Domain Invariant Representation Learning and Sleep Dynamics Modeling for Automatic Sleep Staging

  • paper_url: http://arxiv.org/abs/2312.03196
  • repo_url: https://github.com/yeon-lab/dream
  • paper_authors: Seungyeon Lee, Thai-Hoang Pham, Zhao Cheng, Ping Zhang
  • For: automatic sleep staging to diagnose and treat sleep disorders* Methods: neural network-based model (DREAM) to learn domain generalized representations from physiological signals and model sleep dynamics* Results: outperforms existing sleep staging methods on three datasets, and provides prediction uncertainty to ensure reliability in real-world applications.Here’s the full text in Simplified Chinese:* For: 自动睡眠阶段识别,以诊断和治疗睡眠障碍。* Methods: 使用神经网络模型(DREAM),从生物体信号中学习Domain Generalized表示,并模型睡眠 dinamics。* Results: 在三个数据集上比前者运算更好,并提供了预测不确定性,以确保实际应用中的可靠性。
    Abstract Sleep staging has become a critical task in diagnosing and treating sleep disorders to prevent sleep related diseases. With rapidly growing large scale public sleep databases and advances in machine learning, significant progress has been made toward automatic sleep staging.
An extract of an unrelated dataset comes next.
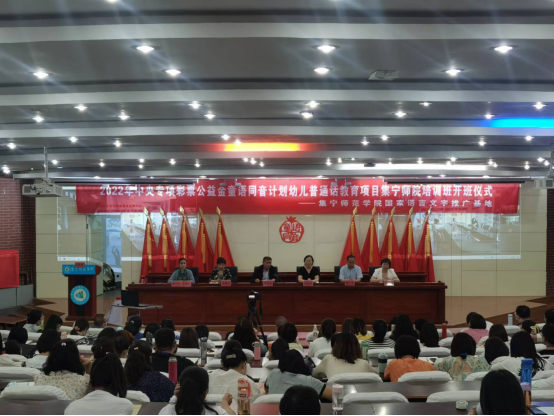 7月4日上午,教育部2022童语同音计划民族地区农村幼儿园教师国家通用语言文字能力培训,beat365在线唯一官网培训班开班仪式在beat365在线唯一官网图书馆报告厅举行。beat365在线唯一官网国家语言文字推广基地主任、副校长李景杰;乌兰察布市教育局党组成员、副局长刘淑敏;鄂尔多斯市教育体育局党组成员、鄂尔多斯市教育事业发展中心主任哈达;鄂尔多斯市教育事业发展中心副主任苏翠玲;鄂尔多斯市教育事业发展中心语言文字应用科科长崔淑桃;副科长项红梅;乌兰察布市语言文字应用推广中心主任许钢;副主任宝力道;培训专家吴豫安、曹宇教授;beat365在线唯一官网继续教育学院院长侯素馨;培训项目“一对一”辅导教师、培训班班主任、全体参训学员参加了开班式。开班式由beat365在线唯一官网国家语言文字推广基地副主任张一弘主持。
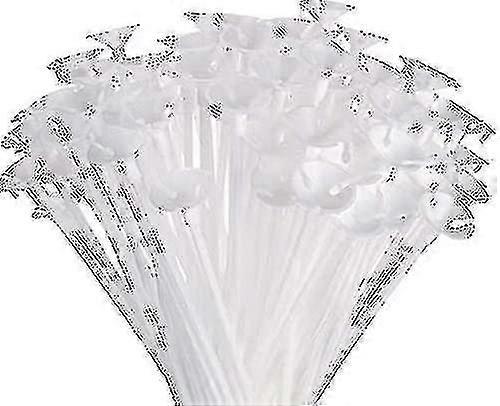 100 Pcs Balloon Sticks,plastic Thicken Durable Milk-white Sticks Holders With Cups For Party Decor

However, previous studies face some critical problems in sleep studies; the heterogeneity of subjects' physiological signals, the inability to extract meaningful information from unlabeled sleep signal data to improve predictive performances, the difficulty in modeling correlations between sleep stages, and the lack of an effective mechanism to quantify predictive uncertainty. In this study, we propose a neural network based automatic sleep staging model, named DREAM, to learn domain generalized representations from physiological signals and models sleep dynamics. DREAM learns sleep related and subject invariant representations from diverse subjects' sleep signal segments and models sleep dynamics by capturing interactions between sequential signal segments and between sleep stages. In the experiments, we demonstrate that DREAM outperforms the existing sleep staging methods on three datasets. The case study demonstrates that our model can learn the generalized decision function resulting in good prediction performances for the new subjects, especially in case there are differences between testing and training subjects. The usage of unlabeled data shows the benefit of leveraging unlabeled EEG data. Further, uncertainty quantification demonstrates that DREAM provides prediction uncertainty, making the model reliable and helping sleep experts in real world applications.
    摘要 休眠阶段识别已成为诊断和治疗睡眠疾病的关键任务。随着大规模公共睡眠数据库的快速增长和机器学习的进步,自动休眠阶段识别得到了 significiant progress。然而,之前的研究面临了睡眠研究中的一些关键问题,包括参与者的生物学信号差异性、EXTRACTING meaningful information from unlabeled sleep signal data to improve predictive performances, sleep stage之间的关系难以建模,以及睡眠预测uncertainty的缺乏有效机制。在本研究中,我们提出了一种基于神经网络的自动休眠阶段识别模型,名为DREAM,以学习域共采样表示和模型睡眠动力学。DREAM从多个参与者的睡眠信号段中学习睡眠相关和参与者不同的表示,并 capture interactions between sequential signal segments and between sleep stages。在实验中,我们证明DREAM在三个数据集上的表现比之前的睡眠阶段识别方法更好。 caso study表明我们的模型可以学习通用的决策函数,从而在新的参与者上达到良好的预测性能,特别是在测试和训练参与者之间存在差异时。使用未标注数据也显示了抽象数据的利用的好处。此外,uncertainty量化表明DREAM提供了预测不确定性,使模型成为可靠的和帮助睡眠专家在实际应用中。